The blog comments at the bottom of the post in the Ryan Beene article list a variety of reasons why the Detroit scores were so low: lack of parenting, politics, economics, inadequate teaching, inadequate classroom equipment, etc... but what emerged for me as I read the comments is that there are numerous problems without a clear plan to fix it.

If nothing else, the data driven aughts have shown us that something needs to change, but I also see change. The NAEP will have a digital component in literacy by 2011, and we are moving in the direction of adding 21st Century equipment in all schools.
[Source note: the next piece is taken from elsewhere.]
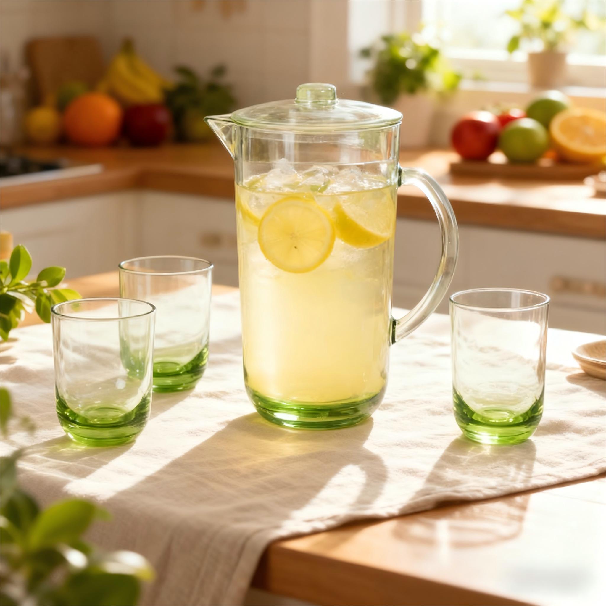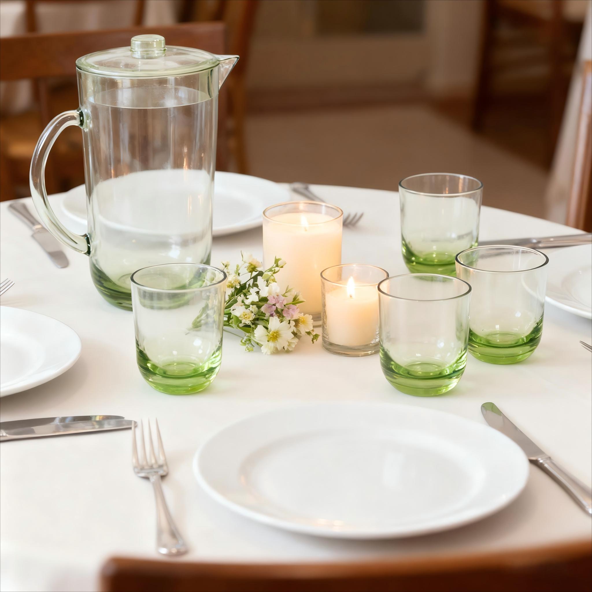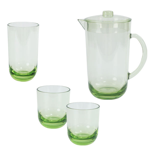 Set Includes: 1 pitcher with lid and handle, 2 tall tumblers, 3 short tumblers

I am not sure if this will all be enough, but I hope when I click back onto the NAEP website in 2020, I will be able to see the literacy scores set to motion, but of course, there will be another gadget by then, something even more visually dynamic, something not even invented yet, something that one of our students will create.

1 comment:

Dan Bruno said...

Tara,

I absolutely agree about the need for change; however, I don't want to get caught up in the rhetoric of how that change will occur.

The truth is that we cannot turn to a project-based pedagogy as though that were something new. The project-based method was first introduced by William Heard Kilpatrick in the early 20th century. Something about the project-based method didn't last and it was quickly overtaken by more statistical, logical forms of assessment.

I think where we need to look for English education to change is in the publication realm. Helping students create texts inherently requires that they be familiar with good ones. As a teacher of AP English Language and Composition, the resurrgence of rhetoric and composition seems to be a good way to go. Students need to know text before they can write text. I believe that this meeting of text and reader in order to develop the writer is what English curricula will begin turning toward.